REQUIREMENT —
Output the listing word for word, minus pictures.

DATASET EXTRACT —
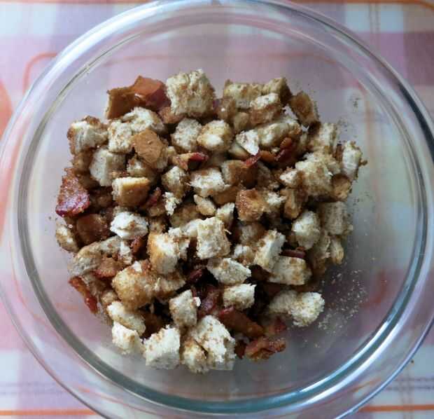 En un tazón mediano, mezclar el azúcar morena, 1/4 de cucharadita de canela, pimienta de Cayena, 1/8 cucharadita cada uno sal y pimienta, hasta combinar. Añadir en la llovizna tomillo, pedazos de pan y tocino cocido, con 2 cucharadas de grasa de tocino reservado y sorteo para combinar. Ponga a un lado.
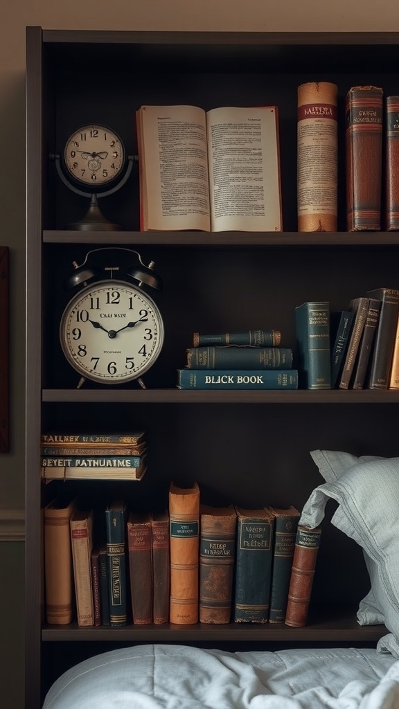 When it comes to creating a vintage dark aesthetic in your dorm room, accents play a key role. The image showcases a cozy bookshelf filled with an array of old books and classic decor. Each item tells a story, adding character to the space.
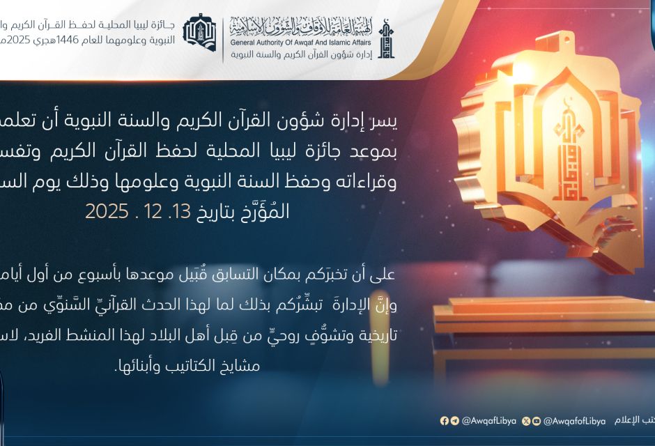 يسر إدارة شؤون القرآن الكريم والسنة النبوية أن تعلمكم بموعد #جائزة_ليبيا_المحلية لحفظ القرآن الكريم وتفسيره وقراءاته وحفظ السنة النبوية وعلومها وذلك يوم السبت المُؤَرَّخ بتاريخ 13. 12 . 2025 م
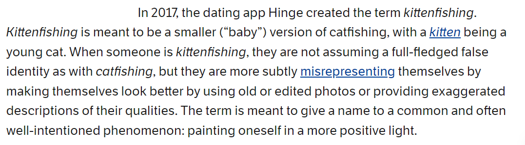 这篇推文的目的是英语教学,我就不展开道德层面的讨论了。 有兴趣的朋友可以自己想想: 你眼中 kittenfishing的边界在哪里? 你有没有在交友软件上发过美化自己相貌或与现阶段年龄不符的照片? 你又有没有像填写简历一样夸大自己的成就?

SOLUTION FOR THIS EXERCISE —
 En un tazón mediano, mezclar el azúcar morena, 1/4 de cucharadita de canela, pimienta de Cayena, 1/8 cucharadita cada uno sal y pimienta, hasta combinar. Añadir en la llovizna tomillo, pedazos de pan y tocino cocido, con 2 cucharadas de grasa de tocino reservado y sorteo para combinar. Ponga a un lado.
 When it comes to creating a vintage dark aesthetic in your dorm room, accents play a key role. The image showcases a cozy bookshelf filled with an array of old books and classic decor. Each item tells a story, adding character to the space.
 يسر إدارة شؤون القرآن الكريم والسنة النبوية أن تعلمكم بموعد #جائزة_ليبيا_المحلية لحفظ القرآن الكريم وتفسيره وقراءاته وحفظ السنة النبوية وعلومها وذلك يوم السبت المُؤَرَّخ بتاريخ 13. 12 . 2025 م
 这篇推文的目的是英语教学,我就不展开道德层面的讨论了。 有兴趣的朋友可以自己想想: 你眼中 kittenfishing的边界在哪里? 你有没有在交友软件上发过美化自己相貌或与现阶段年龄不符的照片? 你又有没有像填写简历一样夸大自己的成就?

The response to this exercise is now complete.